Understanding a code-example from the Intel Intrinsics Guide

I am trying to learn what _mm256_permute2f128_ps() does, but can't fully understand the intel's code-example.

DEFINE SELECT4(src1, src2, control) {
    CASE(control[1:0]) OF
    0:  tmp[127:0] := src1[127:0]
    1:  tmp[127:0] := src1[255:128]
    2:  tmp[127:0] := src2[127:0]
    3:  tmp[127:0] := src2[255:128]
    ESAC
    IF control[3]
        tmp[127:0] := 0
    FI
    RETURN tmp[127:0]
}
dst[127:0] := SELECT4(a[255:0], b[255:0], imm8[3:0])
dst[255:128] := SELECT4(a[255:0], b[255:0], imm8[7:4])
dst[MAX:256] := 0

Specifically, I don't understand:

the imm8[3:0] notation. Are they using it as a 4-byte mask? But I've seen people invoke _mm256_permute2f128_pd(myVec, myVec, 5), where imm8 is used as a number (number 5).
Inside the SELECT4 function, what does control[1:0] mean? Is control a byte-mask, or used as a number? How many bytes is it made of?
why IF control[3] is used in intel's example. Doesn't it undo the choice 3: inside CASE? Why would we ever want to set tmp[127 to 0] to zero, if we've been outputting into it?

Solution

The [x:y] notations always refers to bitnumbers in this case. E.g., if you pass 5 as the imm8 argument, then (because 5==0b00000101) imm8[3:0]==0b0101==5 and if that was passed as control to the SELECT4 macro, you would get control[3]==0==false and control[1:0]==0b01==1. The control[2] bit would be ignored.

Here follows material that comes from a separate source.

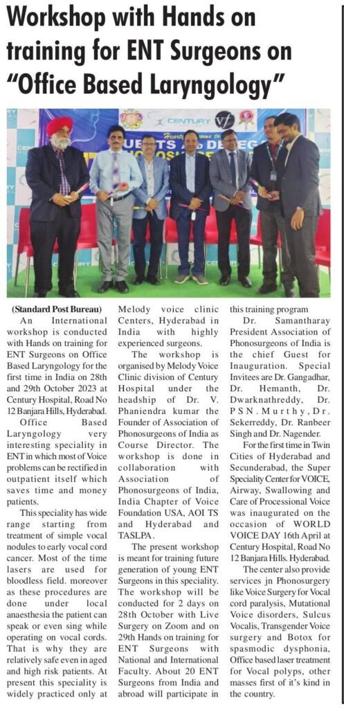 We cordially invite you for our 17th Phonosurgery course and International workshop on Hybrid basis on 28th and 29th of October 2023. On 28th October there will be LIVE SURGICAL DEMO on Office Based Laryngeal Surgeries and Phonomicrosurgeries and LECTURES by eminent National and Intenational Faculty on Virtual (Zoom) basis. On 29th October we will conduct HANDS ON TRAINING (Goat Larynx) on Thyroplasty with Arytenoid adduction technique,Injection Laryngoplasty and Office based Laryngeal Procedures at Century Hospital Road No 12, Banjara hills, Hyderabad. Probably this is the first dual or hybrid concept based Phonosurgery workshop from India designed for the convenience of the delegates saving their time and money. This Course is organized in association with Association of Phonosurgeons of India, India Chapter of Voice Foundation (USA) and AOI telangana, Hyderabad, Telangana SLP association and Sri Sathya Sai Institute of ENT and Melody Voice Clinic, Guntur, A.P.

Fully evaluating this, you get

dst[127:0]   := SELECT4(a[255:0], b[255:0], 5) == a[255:128]
dst[255:128] := SELECT4(a[255:0], b[255:0], 0) == a[127:0]

That means this would switch the upper and lower half of the a register and store it into the dst register.

The dst[MAX:256] := 0 is only relevant for architectures with larger registers (if you have AVX-512), i.e., it sets everything above bit 255 to zero. This is in contrast to legacy SSE instructions, which (if executed on CPUs with AVX-support) would leave the upper half unchanged (and producing false dependencies -- see this related question).